Reading through my notes on the stories in this collection, two words kept cropping up: “imaginative” and “compelling”. DeMeester continually presents you with different, surprising scenarios, and it was interesting to see where she took them.
There were instances where I wasn’t sure if I’d interpreted the ending correctly, or generally wondered what on Earth I’d just read, but I suspect that may have been the author’s intent.
A theme that runs through quite a few of the stories is that of unusual parent-child relationships, particularly between mothers and daughters and often at adolescence, when girls really start to stake out their identities as individuals and – so the trope goes – have a heightened sensitivity to the supernatural.
To name a few examples, a teenage girl is seduced into witchcraft (The Tying of Tongues); a mother discovers the entity she worships only wants her daughter as sacrifice, and not the pair of them as she always planned (The Marking); and a young adult is required to take up the mantle of healer and diviner when her mother dies, but her magic comes in a darker shade than that of her predecessor (The Lightning Bird).
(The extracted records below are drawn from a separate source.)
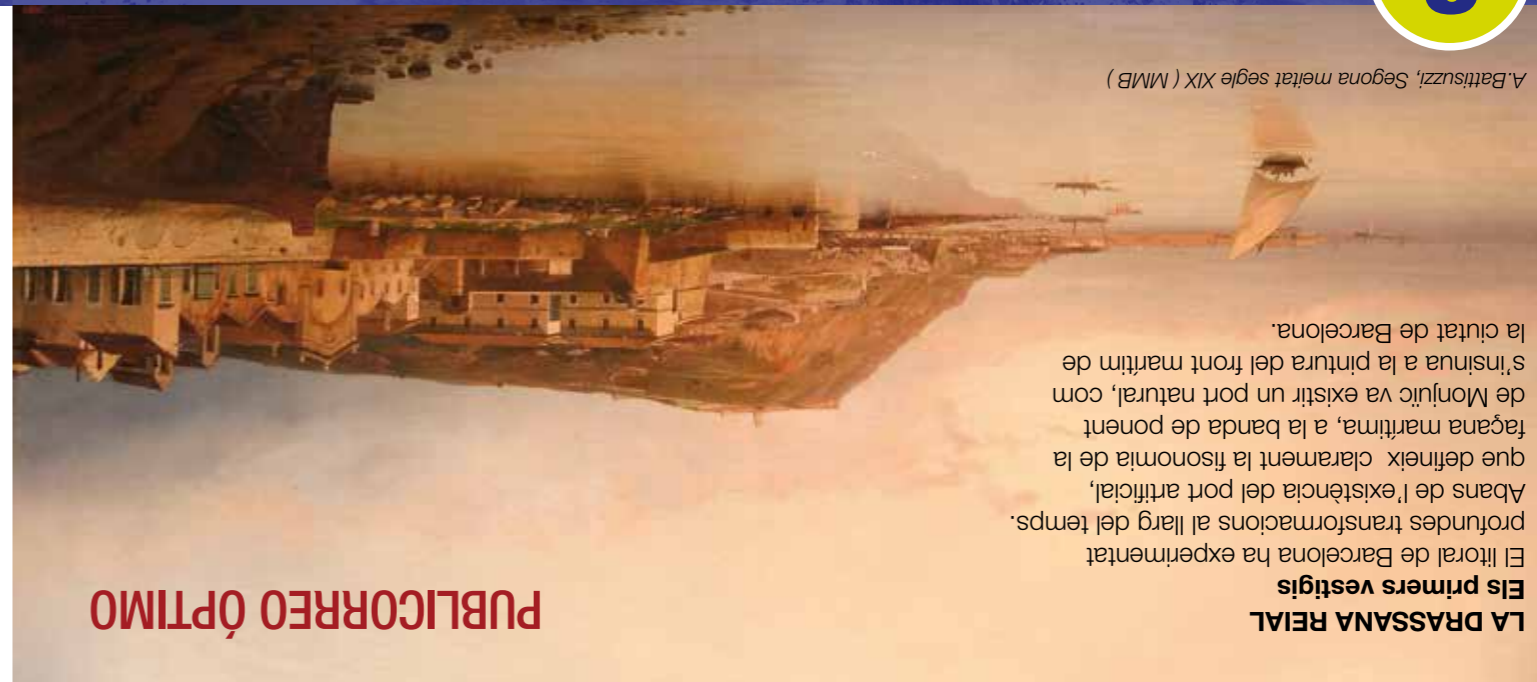
A. Battistuzzi, Segona meitat segle XIX (MMB)

LA DRASSANA REIAL Els primers vestíglis El litoral de Barcelona ha experimentat profundes transformacions al llarg del temps. Abans de l'existència del port artificial, que defineix clarament la fisonomia de la façana marítima, a la banda de ponent de Monjuïc va existir un port natural, com s'insinua a la pintura del front marítim de la ciutat de Barcelona.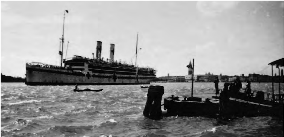
Das Lazarettschiff GRADISCA läuft 1944 aus Venedig aus. Im Hintergrund sind Dogenpalast, Campanile und Rialto-Brücke zu erkennen.

waren die britischen Behörden zu diesem Zeitpunkt noch nicht interessiert. Trotzdem schlug dieser erste Zugriff auf ein deutsches Lazarettschiff durch alliierte Kriegsschiffe einige Wellen, da u.a. auch von der Seekriegsleitung gefragt wurde, weshalb überhaupt britische Gefangene auf dem unsicheren Seeweg in die Adria mitgeführt wurden. Auf jeden Fall mußte die S.K.L. schließlich konstatieren, daß der gegnerischen Seite nach Artikel 12 des Lazarettschiff-Abkommens das Recht zugebilligt werden mußte, die Herausgabe der auf deutschen Lazarettschiffen befindlichen Verwundeten, Kranke und Schiffsbrüchigen zu verlangen, und zwar nicht nur der eigenen Nationalität, sondern durchaus auch der des Feindstaates, ein Umstand, der im darauf folgenden Jahr eine große Aktualität gewinnen sollte.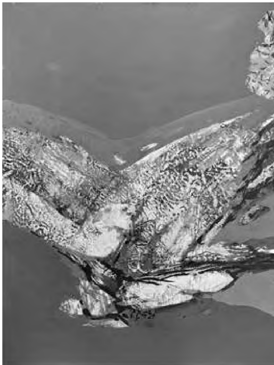
Doru Cernea Căderea în timp (2022) tehnică mixtă, 50 x 48 cm

Heidegger se arată mai curând decepționat de filosofia contemporană lui. El consideră că „filosofia devine, în formele logisticii, semanticii, antropologiei și sociologiei și psihanalizei,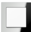
A CREATION in silver (mirror finish) Safety glass Edge radius R 1.25

Siblings are an adjacent standout theme. In Birthright, two teenage sisters share dreams of a “Dark Lady” which spill over into waking life and relate to the late mother they barely remember; in All That Is Refracted, Broken, a small boy who wasn’t supposed to survive can only look at his older sister using a mirror; and in December Skin, a young man attempts to save his sister, who’s taken to unconsciously eating living beings at night, from herself.
A few other stories in this collection similarly make use of dreams or dreamlike imagery, and/or involve characters consuming gross things.
As the summaries above suggest, loss is another major theme, whether characters are trying to come to terms with, reverse, or prevent it. I was especially moved by the title story, where a former dancer with MS carves an intricate door that restores his health, and To Sleep in the Dust of the Earth, where a woman mourning her four-year-old son turns to a strange old schoolfriend with a curious gift for retrieving lost things. I found the latter particularly haunting and sad.
Everything That’s Underneath is an imaginative and compelling short story collection that cuts deep.